ClickHouse: Refreshing Take on Materialized Views

Working on my Open Source MMP I have been seeing how much of it will work with ClickHouse. Unfortunately combining multiple streaming data sources in ClickHouse was proving difficult as data would semi randomly not join correctly.

This led to a potential fix by using the very recent ClickHouse refreshable materialized views. These refreshable views work much closer to how materialized views work in other databases like PostgreSQL but come with additional benefits like setting the refreshes inside the materialized view logic itself.

Official Documentation:
https://clickhouse.com/docs/en/sql-reference/statements/create/view#refreshable-materialized-view

At the time of writing, refreshable views are new enough that they require setting this to enable support. Since this is needed per session in which a table is created, you will need to use this setting. This shouldn’t be necessary after Q2 2024.

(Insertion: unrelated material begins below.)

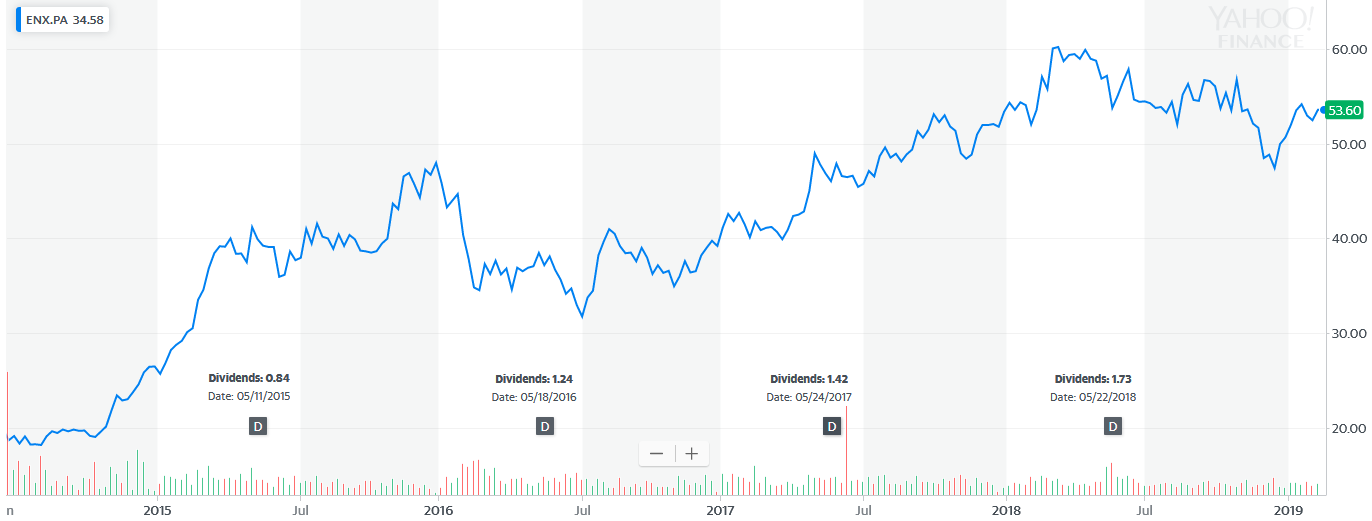 Как видно, с возобновлением самостоятельного существования биржа Euronext показала отличный результат — на начало 2019 года акции, номинированные в евро, практически утроили свои котировки. Дивидендная доходность в последние два года составляет около 3% годовых, что для евро можно считать неплохим результатом. Посмотреть актуальные котировки можно например на .

SET allow_experimental_refreshable_materialized_view = 1;

Then to make the view refreshable you just add REFRESH EVERY {INT} {TIME} like this:

CREATE MATERIALIZED VIEW attribute_impressions_mv
REFRESH EVERY 5 SECOND
TO attributed_impressions -- Specify the destination table
AS
WITH
merged_impression_event AS (
    -- Ranked rows by impression time
    SELECT 
            app.event_time AS app_event_time,
            app.store_id AS store_id,
            app.event_id,
            ...

What I then discovered though was that once a refreshable view is used, it will replace the entire contents of the destination table. This means that they likely will need further management in the future as the data grows. Additionally, they cannot be combined with the columnar data inserts I was using previously with AggregatingMergeTree.

So, once you add a refreshable view, all higher level aggregations will likely all have to be refreshable as well.

In the end, I was able to use refreshable views to solve my problem, but I am not certain they wont cause delays later due to the way they seem to refresh across all data. Perhaps I’ll have to find a way to narrow the range they aggregate.